Поставив поднос, он жадно всмотрелся в них — и понял, что это всего лишь чистые листы.
— Вы ничего не написали? За три недели, что вы здесь живете, вы ничего не написали?
Я взорвался:
— Да, ничего! Ничего! Ничего стоящего! Одни идеи для скверного романа!
— Бог ты мой, Маркус, а что же вы хотите написать, разве не роман?
Я не думал ни секунды:
— Шедевр! Я хочу написать шедевр!
— Шедевр?
— Да. Я хочу написать великий роман, с великими идеями! Я хочу написать книгу, которая оставит след в умах.

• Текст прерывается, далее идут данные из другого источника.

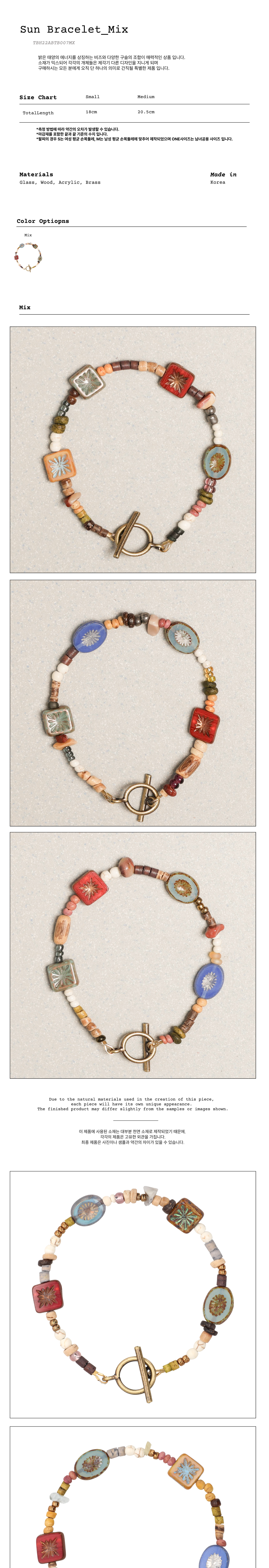 토우토우만의 뚜렷한 색과 감성을 담아 수작업으로 제작되는 팔찌 입니다. 피스마크 심볼 포인트 참을 중심으로 원석과 비즈 등의 다양한 소재의 조화를 담았습니다. 소재 및 수작업 특성 상 각각의 개체들은 제각기 다른 디자인으로 제작 되기에 구매하시는 모든 분에게 오직 단 하나의 의미로 간직될 특별한 제품 입니다. 남성 사이즈는 4개의 심볼, 여성 사이즈는 3개의 심볼로 제작됩니다.

Гарри с минуту смотрел на меня, а потом расхохотался:
— Маркус, ваше запредельное тщеславие мне осточертело. Вы будете очень большим писателем, я это знаю, я в этом уверен с тех пор, как познакомился с вами. Но, если хотите знать, ваша проблема в том, что вы слишком спешите! Вам лет сколько?
— Тридцать.
— Тридцать лет, а вы уже хотите быть Солом Беллоу и Артуром Миллером в одном флаконе? Слава придет, не торопитесь. Мне вот шестьдесят семь, и я в ужасе: время, знаете ли, летит быстро, и с каждым прошедшим годом их остается все меньше, и ни одного не вернешь. Вы что думаете, Маркус? Что возьмете и родите вторую книжку просто так? Карьера строится постепенно, старина. А чтобы написать великий роман, великих идей не нужно: просто будьте самим собой, и все у вас получится, тут я спокоен. Я двадцать пять лет преподаю литературу, целых двадцать пять лет, и человека более талантливого до сих пор не встречал.
— Спасибо.
— Не стоит благодарности, это чистая правда. Только нечего тут лить крокодиловы слезы, что вы еще до сих пор не нобелевский лауреат, черт возьми… Тридцать лет… Фу-ты ну-ты, и тоже туда же, великие романы… Нобелевской премии по кретинизму — вот чего вы заслуживаете.
— Но как у вас получилось, Гарри? Ваша книга 1976 года, «Истоки зла», — это же шедевр! А это была всего лишь вторая ваша книга… Что вы такое сделали? Как пишут шедевры?
Он грустно улыбнулся:
— Маркус, шедевры не пишутся. Они существуют сами по себе. И потом, знаете, для многих я так в итоге и остался автором одной-единственной книги… В смысле, что ни одна из следующих не имела такого же успеха. Когда говорят обо мне, сразу вспоминают «Истоки зла», и почти всегда только их. А это грустно; думаю, если бы мне в тридцать лет сказали, что я достиг вершины своей карьеры, я бы точно утопился в океане. Не надо слишком спешить.
— Вы сожалеете об этой книге?
— Может быть… Немного… Не знаю… Не люблю сожалений: они означают, что мы не принимаем себя такими, какими мы были.
— Ну а мне что теперь делать?
— То, что у вас всегда выходило лучше всего — писать. И если позволите, Маркус, я дам вам совет: не делайте, как я. Знаете, мы с вами невероятно похожи, так вот заклинаю вас: не повторяйте моих ошибок.